Closed mobinasri closed 4 years ago

mobinasri commented 4 years ago

The first PR to make edlib support generic sequences. The main changes:

  1. Replacing most of the functions and classes by their templates with two type arguments, Element and AlphabetIdx. (Element is the type of elements in the given sequences, AlpahbetIdx is the type of indexes for the alphabet )
  2. Commenting and disabling the parts related to additional equalities temporarily. (to be added later)
  3. Putting the code in the namespace of "edlib". The implementation details of edlib.tpp are put in the nested namespace of "internal" to make them hidden from the user program.
  4. Adapting the character-based tests to the above changes
Martinsos commented 4 years ago

@masri2019 , I see you responded to many comments but have not pushed any new commits -> you do plan to push the fixes for the comments on this PR right, in form of additional commits?

Martinsos commented 4 years ago

@masri2019 I see you added a lot of commits, great -> let me know when you added everything and I will take another look.

mobinasri commented 4 years ago

@Martinsos I think I added everything that you said and we discussed.

mobinasri commented 4 years ago

@Martinsos I did your comments. I also wanted to tell you about some of the suggestions that Paolo gave me while he was experimenting. Please tell me your opinion.

  1. Using classes instead of structs and class enums instead of enums; He said that using structs forces the user to do initialization and termination functions instead of relying on constructor and deconstructors. If the user forgets this, you can get undefined behavior (e.g. EdlibAlignConfig may have an uninitialized pointer)
  2. Error messages from the linker about duplicate definitions of some Edlib functions; He said that after including edlib.hpp in two different places he got such errors because of the functions which are not template. (e.g edlibNewAlignConfig(), edlibAlignmentToCigar()). They must have inline specifier to fix this error.
mobinasri commented 4 years ago

@Martinsos Nice Comments about making edlib more CPPish. I just wanted to let you know those feedbacks from Paolo. I think you are right, let's focus on generic features for now.

mobinasri commented 4 years ago

@Martinsos Based on what you said about testing "multiple definitions", I made a new directory named testMultiDefinition in which there exist two source files. Both of them include edlib. One of them (staticTestLib.cpp) is going to be a static library that has to be linked to the other file (useStaticTestLib.cpp). Since both of them include edlib, if there exist multiple definitions of any function in edlib it will be announced by the linker. So, if we get errors during compilation it has to be something wrong with it.

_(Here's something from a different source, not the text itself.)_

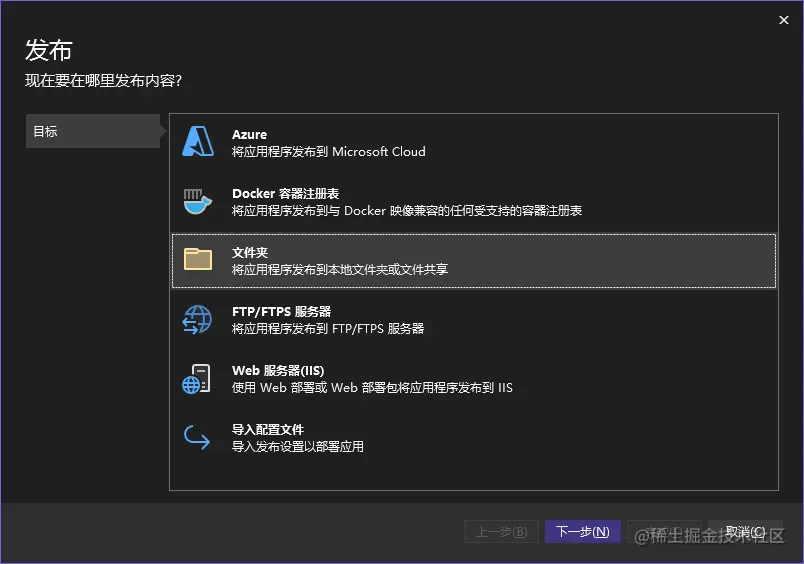 选择发布到文件夹,然后选中刚才克隆的仓库然后点击完成
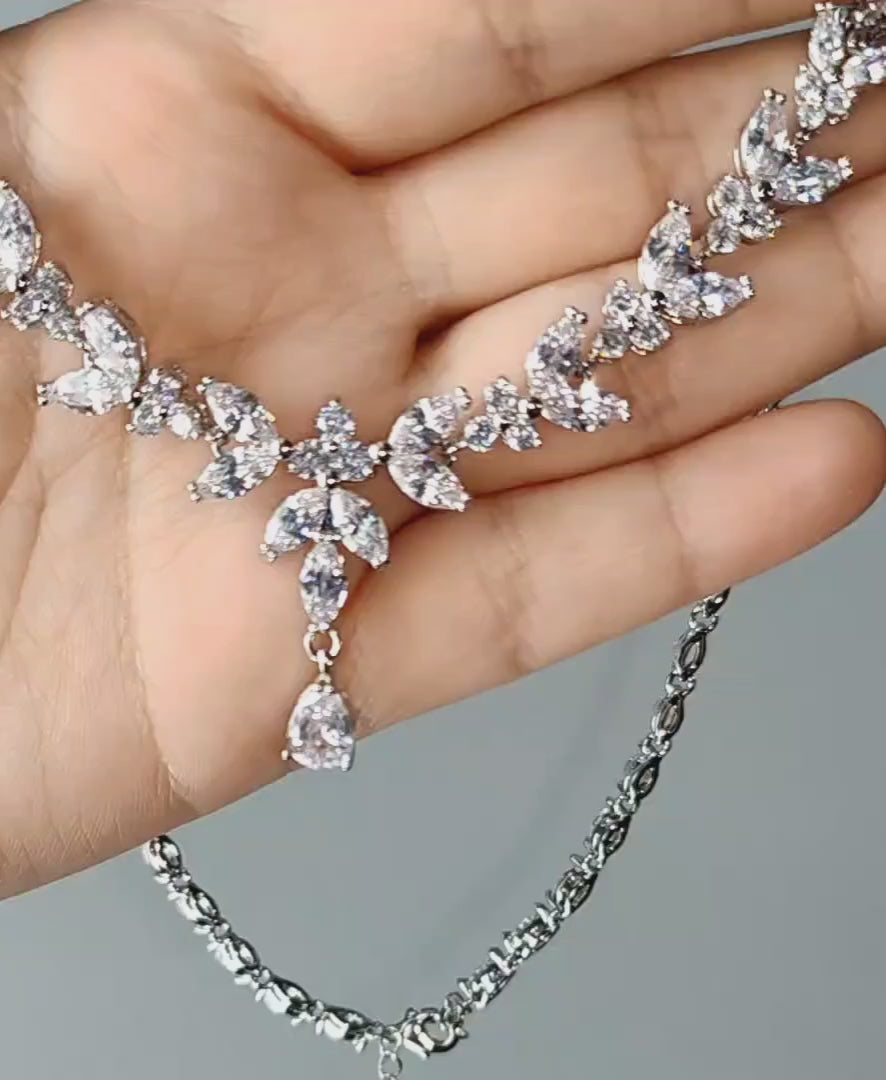 Marquise Leaf Bridal Necklace and Earrings Adjustable Set

Martinsos commented 4 years ago

@masri2019 Great! So, I again left one or two comments, but I approved the PR! So once you do those (they are tiny), please squash all the commits into one big commit (with git rebase -i Martinsos:gen-seqs or smth like that), and then I will merge it.

Martinsos commented 4 years ago

@masri2019 great, please just squahs it all as I describe above and I will merge!

Martinsos commented 4 years ago

@masri2019 all is great except commit does not have a meaningful message! Put a meaningful message, and also make description shorter and more meaningful (or just remove it if you don't think it is needed). Suggestion for commit message: "Rewrote edlib library to accept generic sequences, changes are not fully propagated through codebase.". Description could be: "C interface is gone for now. Some dependent code is not compiling / working (python binding, some tests, aligner, ...). Documentation is not updated."

mobinasri commented 4 years ago

@Martinsos When shall we start the next PR? As you said earlier, we can work on tests, aligner or even finding an efficient implementation for dealing with additional equalities. Please tell me if you have any comments on the next PR.

Martinsos commented 4 years ago

@masri2019 sorry I was waiting for you to squash this one and did not notice you already did it! Yes of course let's do the next PR :)!

Previously I suggested PR #2 to be taking care of the rest of the cpp code (not python) compiling and working (aligner, tests, ...), and then in PR #3 taking care of Equalities and similar. I am still ok with that, should we do it in that order? If you want to flip it that is also all right, I was just thinking it might make sense in this order so that we have tests to help us when implementing additional equalities.

Maybe next step is: you presenting me the "draft" of the next PR, which would just be short explanation of which parts exactly would be taken care of, and then I say "sounds good" and maybe point to one or two things if needed, and we go from there.

Martinsos commented 4 years ago

Wohoo we merged this one :D!

mobinasri commented 4 years ago

@Martinsos Great! As you said we can start working on tests and the aligner app in the next PR.

  1. For modifying aligner we have two approaches; First, we can call edlib functions having char as the element type. In that case, there is no need to change the output specifically, the NICE format. The other approach is to increase the alphabet size having something like int as the element type. This allows us to get integer sequences but we have to modify the NICE format a little bit since each element is a number and numbers need more than one character to be displayed. We have to put a sufficient amount of space between the numbers to make it appear nice! Or maybe we can add an option if the input is in char or integer? and use the corresponding NICE format in the output.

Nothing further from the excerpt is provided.